Authors: Thomas K.F. Wong, T.W. Lam, P.Y. Chan, S.M. Yiu

Addresses: Faculty of Engineering, Department of Computer Science, The University of Hong Kong, Pokfulam Road, Hong Kong. ' Faculty of Engineering, Department of Computer Science, The University of Hong Kong, Pokfulam Road, Hong Kong. ' Faculty of Engineering, Department of Computer Science, The University of Hong Kong, Pokfulam Road, Hong Kong. ' Faculty of Engineering, Department of Computer Science, The University of Hong Kong, Pokfulam Road, Hong Kong

Abstract: In the sequencing process, reads of the sequence are generated, then assembled to form contigs.
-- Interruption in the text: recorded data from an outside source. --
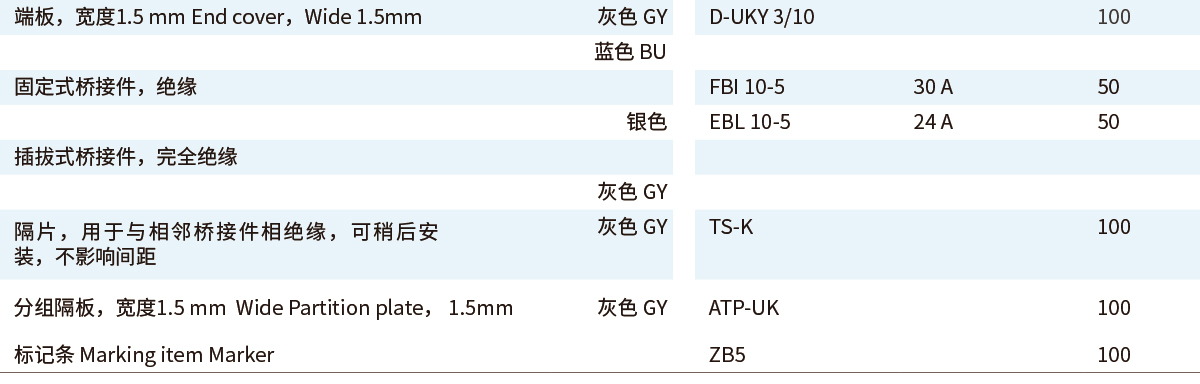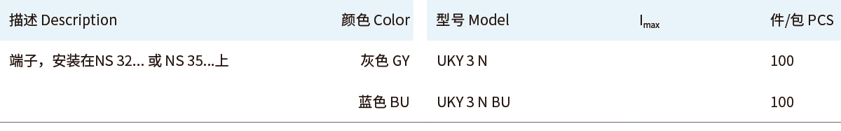 ■UKY通用组合式接线端子■直通式接线端子UKY■2.5 (4) mm²,32 A,直通式接线端子■UKY 系列通用连接端子能够满足实际应用所需的特征■通用安装脚,可用于DIN导轨NS 35...和 NS 32... 上■通过端子中央或插拔式桥接件进行等电位分配■满足大电流的桥接功能
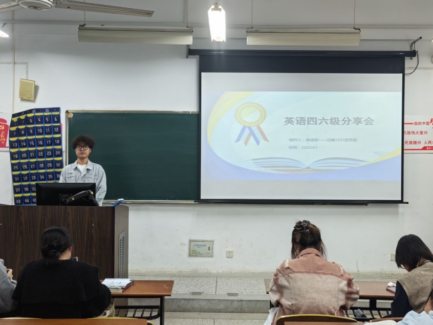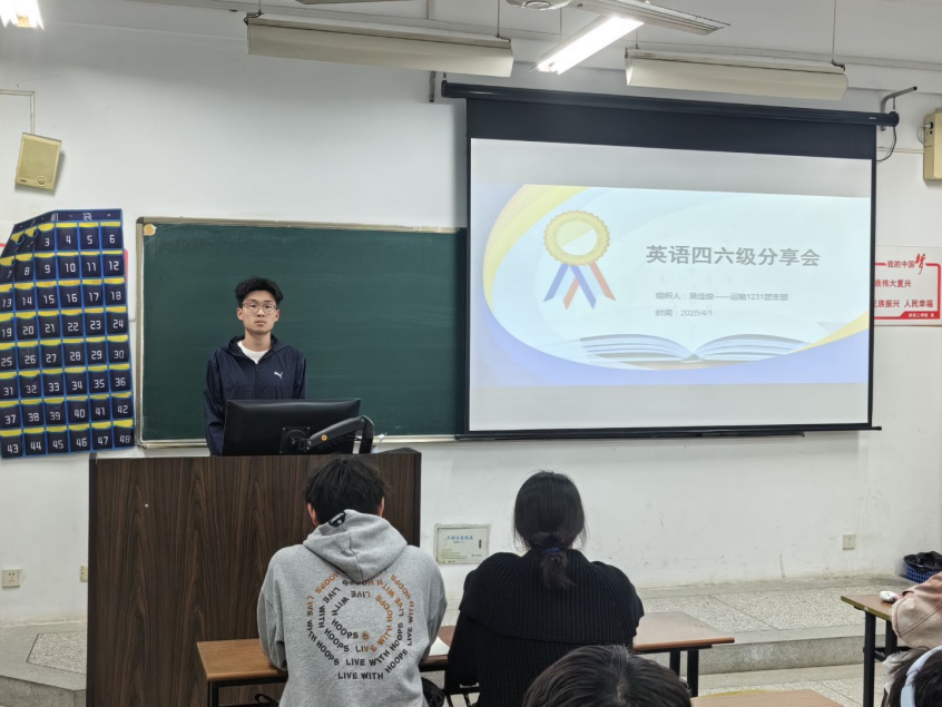 为助力班级同学科学备战全国大学英语四六级考试,营造互学互助、共同进步的备考氛围,4月1日晚,运输1231班举办“四六级经验分享会”。活动邀请班级四级高分通过者及六级备考达人分享实战技巧,通过经验交流、互动答疑、资源整合等形式,为同学们冲刺考试注入信心与动力。
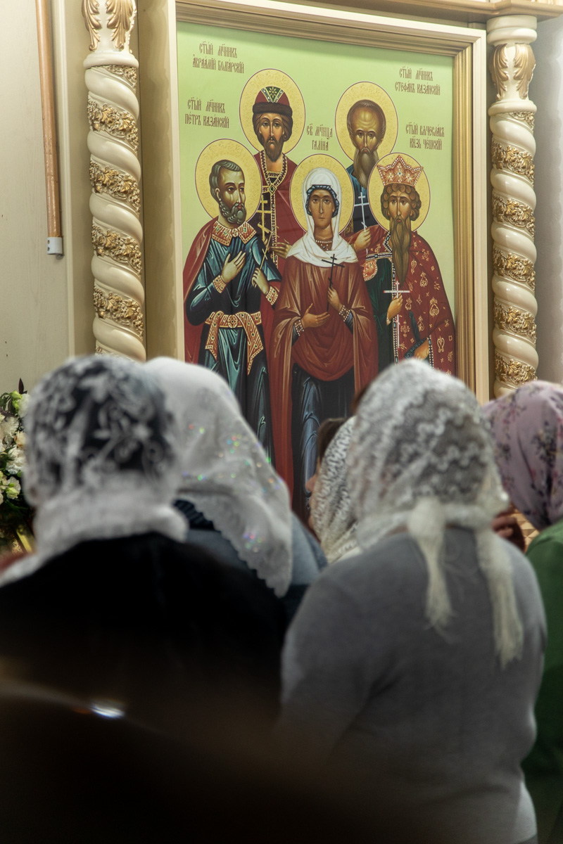 Его Преосвященству сослужили: благочинный Спасского округа Иерей Николай Рыбочкин, настоятель храма иерей Сергий Павлов, иерей Деонисий Колесников, иерей Александр Шмагин,иерей Сергий Столяров, иерей Димитрий Яковлев, диакон Алексий Ведерников, диакон Авдий Зарипов, диакон Димитрий Шувалов.
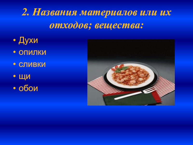 2. Названия материалов или их отходов; вещества:Духиопилкисливкищиобои
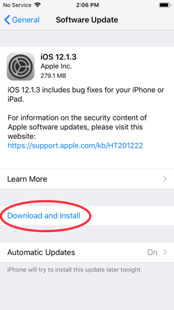 In that case, after you turn on automatic updates as described above, your device will automatically install this update for you later, or you can tap Download and Install if you want to install it now.
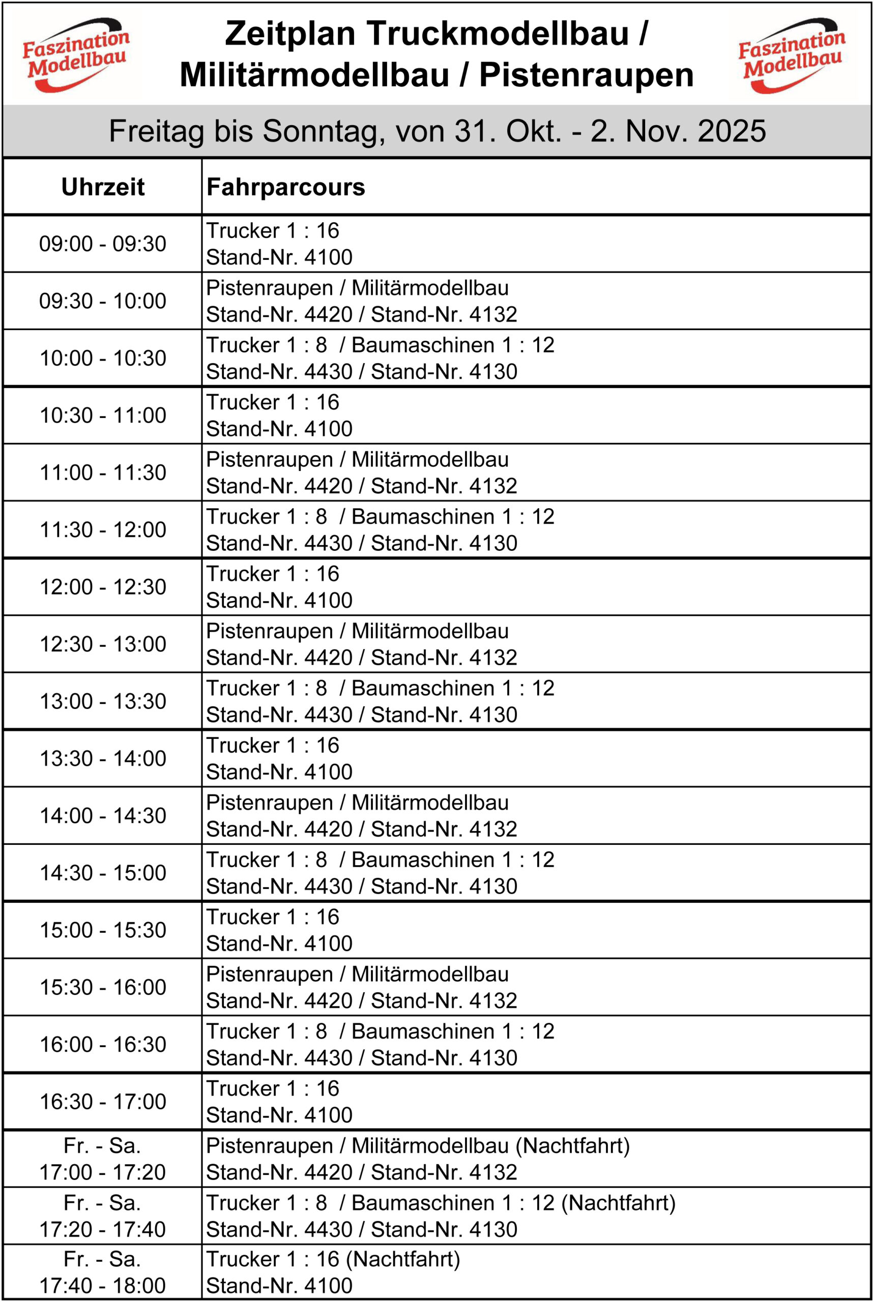 Auf den über 600 qm großen Truckparours in den Maßstäben 1 : 8 und 1 : 16 sind die Modelltrucks in ihrem Element. Für die detailliert und liebevoll gestalteten Miniaturwelten werden über 160 m³ Erde in der Halle verteilt und modelliert, Hunderte von Pflänzchen zu Naturlandschaften arrangiert, Saatgut ausgebracht, Straßen und Kreuzungen angelegt und zahlreiche Gebäude und Anlagen erbaut. Engagierte Vereine tüfteln bereits Wochen vorher und jedes Jahr aufs Neue über maßstabsgetreuen Gestaltungsplänen. Nach der langen Vorbereitungszeit werden die „blühenden Landschafen“ endlich mit Leben erfüllt: Traktoren bestellen die Felder, auf der Baustelle herrscht Hochbetrieb und mit Hilfe zahlreicher Trucks ist ein eifriger Be- und Entladeverkehr im Gange.

New technologies can produce reads faster with lower cost and higher coverage. However, these reads are shorter. With errors, short reads make the assembly step more difficult. Chaisson et al. (2004) proposed an algorithm to correct the reads prior to the assembly step. The result is not satisfactory when the error rate is high (e.g., ≥3%). We improve their approach to handle reads of higher error rates. Experimental results show that our approach is much more effective in correcting errors, producing contigs of higher quality.

Keywords: short reads; error correction; sequence assembly; bioinformatics; sequencing results; DNA sequencing; contigs.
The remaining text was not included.